EXERCISE MATERIALS section start

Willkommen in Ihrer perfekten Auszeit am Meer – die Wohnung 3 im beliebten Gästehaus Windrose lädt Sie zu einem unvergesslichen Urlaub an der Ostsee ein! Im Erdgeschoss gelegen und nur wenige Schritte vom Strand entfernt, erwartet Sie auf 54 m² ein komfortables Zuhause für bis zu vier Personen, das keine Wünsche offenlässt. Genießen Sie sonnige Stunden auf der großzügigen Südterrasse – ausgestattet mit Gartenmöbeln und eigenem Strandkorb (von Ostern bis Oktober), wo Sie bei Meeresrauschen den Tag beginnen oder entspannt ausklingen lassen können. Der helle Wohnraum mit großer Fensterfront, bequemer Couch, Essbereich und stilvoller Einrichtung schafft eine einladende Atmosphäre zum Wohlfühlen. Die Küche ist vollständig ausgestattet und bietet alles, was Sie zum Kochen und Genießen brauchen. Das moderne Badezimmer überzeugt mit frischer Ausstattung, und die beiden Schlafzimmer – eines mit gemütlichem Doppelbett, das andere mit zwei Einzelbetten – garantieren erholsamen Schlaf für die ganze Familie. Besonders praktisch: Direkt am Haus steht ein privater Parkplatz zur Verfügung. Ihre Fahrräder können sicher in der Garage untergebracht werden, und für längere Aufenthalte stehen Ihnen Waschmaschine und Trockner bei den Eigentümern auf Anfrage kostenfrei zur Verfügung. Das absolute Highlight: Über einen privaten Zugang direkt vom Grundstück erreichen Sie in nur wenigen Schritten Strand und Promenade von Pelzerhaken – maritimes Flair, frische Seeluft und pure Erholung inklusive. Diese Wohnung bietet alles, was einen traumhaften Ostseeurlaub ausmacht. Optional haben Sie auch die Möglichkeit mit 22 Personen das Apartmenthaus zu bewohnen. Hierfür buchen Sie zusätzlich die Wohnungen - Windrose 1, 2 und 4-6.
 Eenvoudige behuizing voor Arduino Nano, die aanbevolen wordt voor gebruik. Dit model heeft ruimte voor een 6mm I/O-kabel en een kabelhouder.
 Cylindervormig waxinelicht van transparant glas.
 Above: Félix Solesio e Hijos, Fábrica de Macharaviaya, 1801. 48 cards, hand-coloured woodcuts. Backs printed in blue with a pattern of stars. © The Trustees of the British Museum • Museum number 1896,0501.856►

EXERCISE MATERIALS section end
EXERCISE MATERIALS section start

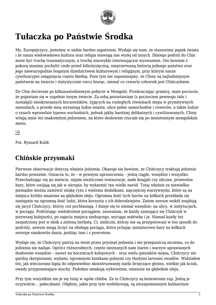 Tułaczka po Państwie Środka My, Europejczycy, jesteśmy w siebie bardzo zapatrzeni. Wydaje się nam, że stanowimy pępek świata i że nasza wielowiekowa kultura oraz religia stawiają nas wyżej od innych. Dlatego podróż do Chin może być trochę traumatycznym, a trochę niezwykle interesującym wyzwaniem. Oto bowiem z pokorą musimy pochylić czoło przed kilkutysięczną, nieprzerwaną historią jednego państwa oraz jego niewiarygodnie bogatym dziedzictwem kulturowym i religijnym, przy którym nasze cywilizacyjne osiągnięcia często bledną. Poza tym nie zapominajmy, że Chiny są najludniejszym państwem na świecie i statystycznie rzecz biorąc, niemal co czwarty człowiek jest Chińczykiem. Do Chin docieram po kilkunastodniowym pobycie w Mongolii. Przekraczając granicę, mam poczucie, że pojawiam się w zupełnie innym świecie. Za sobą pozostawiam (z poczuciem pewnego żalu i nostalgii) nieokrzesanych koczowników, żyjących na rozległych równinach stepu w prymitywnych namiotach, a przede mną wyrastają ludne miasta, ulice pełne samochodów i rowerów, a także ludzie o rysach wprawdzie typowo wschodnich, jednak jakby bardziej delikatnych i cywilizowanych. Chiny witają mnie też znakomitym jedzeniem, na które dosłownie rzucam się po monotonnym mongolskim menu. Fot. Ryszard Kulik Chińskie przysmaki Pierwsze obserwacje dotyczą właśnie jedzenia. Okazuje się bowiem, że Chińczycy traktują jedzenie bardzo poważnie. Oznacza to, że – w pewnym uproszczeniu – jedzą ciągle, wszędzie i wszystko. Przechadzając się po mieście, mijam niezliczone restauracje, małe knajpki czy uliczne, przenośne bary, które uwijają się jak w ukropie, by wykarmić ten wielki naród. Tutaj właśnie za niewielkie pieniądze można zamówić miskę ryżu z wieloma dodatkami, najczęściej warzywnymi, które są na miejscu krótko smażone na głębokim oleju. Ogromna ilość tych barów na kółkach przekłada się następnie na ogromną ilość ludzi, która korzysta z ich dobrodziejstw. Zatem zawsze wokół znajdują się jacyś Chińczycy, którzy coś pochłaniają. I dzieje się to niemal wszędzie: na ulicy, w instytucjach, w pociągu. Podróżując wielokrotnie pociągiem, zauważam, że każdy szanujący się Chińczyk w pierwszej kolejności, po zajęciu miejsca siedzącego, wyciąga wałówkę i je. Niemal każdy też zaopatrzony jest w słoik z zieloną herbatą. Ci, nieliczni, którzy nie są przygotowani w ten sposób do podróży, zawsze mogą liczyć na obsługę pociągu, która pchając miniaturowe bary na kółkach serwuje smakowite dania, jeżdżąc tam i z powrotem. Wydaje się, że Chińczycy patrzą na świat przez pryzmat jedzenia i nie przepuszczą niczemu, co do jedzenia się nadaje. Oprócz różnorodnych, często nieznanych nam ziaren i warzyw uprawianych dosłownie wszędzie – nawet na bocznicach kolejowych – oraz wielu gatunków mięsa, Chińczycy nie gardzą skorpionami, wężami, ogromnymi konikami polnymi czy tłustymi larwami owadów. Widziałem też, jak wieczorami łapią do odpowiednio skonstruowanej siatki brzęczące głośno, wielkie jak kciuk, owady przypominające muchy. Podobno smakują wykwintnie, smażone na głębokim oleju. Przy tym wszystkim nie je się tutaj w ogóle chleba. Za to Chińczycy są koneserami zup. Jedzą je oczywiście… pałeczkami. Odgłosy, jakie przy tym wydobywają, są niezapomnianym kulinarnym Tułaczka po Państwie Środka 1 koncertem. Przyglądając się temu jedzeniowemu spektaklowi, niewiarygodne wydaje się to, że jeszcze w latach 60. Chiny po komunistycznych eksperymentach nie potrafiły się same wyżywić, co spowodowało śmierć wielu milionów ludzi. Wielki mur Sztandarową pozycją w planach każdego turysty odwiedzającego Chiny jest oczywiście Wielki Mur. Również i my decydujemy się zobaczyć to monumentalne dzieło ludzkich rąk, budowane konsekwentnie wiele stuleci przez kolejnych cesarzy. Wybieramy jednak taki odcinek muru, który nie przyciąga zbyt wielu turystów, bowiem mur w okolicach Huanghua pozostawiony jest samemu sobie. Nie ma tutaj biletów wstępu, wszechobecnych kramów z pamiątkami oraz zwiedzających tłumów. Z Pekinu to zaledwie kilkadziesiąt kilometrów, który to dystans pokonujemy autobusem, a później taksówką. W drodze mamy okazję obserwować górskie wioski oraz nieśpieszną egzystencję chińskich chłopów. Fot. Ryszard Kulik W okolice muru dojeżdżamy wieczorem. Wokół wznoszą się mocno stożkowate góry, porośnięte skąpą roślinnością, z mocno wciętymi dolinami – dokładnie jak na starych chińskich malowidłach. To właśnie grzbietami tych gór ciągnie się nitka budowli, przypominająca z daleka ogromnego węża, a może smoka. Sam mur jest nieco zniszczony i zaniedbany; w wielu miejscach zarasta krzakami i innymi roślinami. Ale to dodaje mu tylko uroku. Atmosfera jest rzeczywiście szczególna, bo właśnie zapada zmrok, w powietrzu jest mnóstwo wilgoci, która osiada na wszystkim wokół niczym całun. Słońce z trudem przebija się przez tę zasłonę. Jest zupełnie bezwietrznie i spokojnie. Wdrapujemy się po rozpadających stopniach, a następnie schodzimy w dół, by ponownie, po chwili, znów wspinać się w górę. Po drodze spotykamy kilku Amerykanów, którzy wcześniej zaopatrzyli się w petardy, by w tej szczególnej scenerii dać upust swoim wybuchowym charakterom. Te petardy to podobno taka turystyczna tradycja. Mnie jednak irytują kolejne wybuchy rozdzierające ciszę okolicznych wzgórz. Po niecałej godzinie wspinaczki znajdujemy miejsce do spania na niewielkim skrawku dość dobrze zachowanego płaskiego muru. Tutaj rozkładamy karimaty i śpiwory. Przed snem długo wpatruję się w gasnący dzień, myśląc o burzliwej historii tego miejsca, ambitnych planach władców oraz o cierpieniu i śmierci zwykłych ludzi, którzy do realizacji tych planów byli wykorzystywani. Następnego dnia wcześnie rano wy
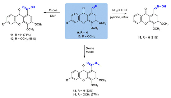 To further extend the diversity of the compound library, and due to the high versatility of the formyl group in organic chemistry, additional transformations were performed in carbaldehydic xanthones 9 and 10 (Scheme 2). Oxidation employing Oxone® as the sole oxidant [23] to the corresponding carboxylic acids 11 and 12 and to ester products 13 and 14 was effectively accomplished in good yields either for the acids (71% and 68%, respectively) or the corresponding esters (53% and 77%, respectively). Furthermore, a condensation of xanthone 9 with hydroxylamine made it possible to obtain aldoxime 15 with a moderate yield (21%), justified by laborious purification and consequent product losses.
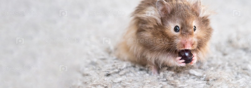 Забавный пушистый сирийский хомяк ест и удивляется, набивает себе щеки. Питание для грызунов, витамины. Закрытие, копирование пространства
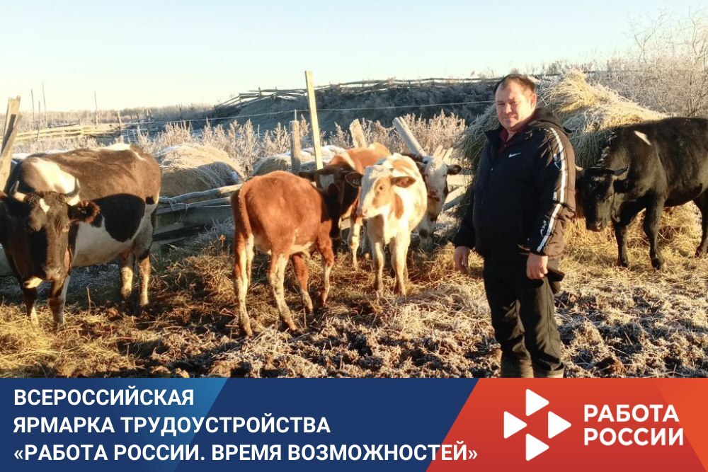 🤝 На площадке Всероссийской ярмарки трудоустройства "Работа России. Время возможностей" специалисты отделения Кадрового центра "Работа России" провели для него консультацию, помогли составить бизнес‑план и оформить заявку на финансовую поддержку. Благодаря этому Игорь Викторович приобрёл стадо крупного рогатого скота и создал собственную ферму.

EXERCISE MATERIALS section end

WORK ITEM:
Output only an exact transcription of the lines above from the one with "Cylindervormig waxinelicht van" up to and including the one with "Above: Félix Solesio".

SOLUTION:
 Cylindervormig waxinelicht van transparant glas.
 Above: Félix Solesio e Hijos, Fábrica de Macharaviaya, 1801. 48 cards, hand-coloured woodcuts. Backs printed in blue with a pattern of stars. © The Trustees of the British Museum • Museum number 1896,0501.856►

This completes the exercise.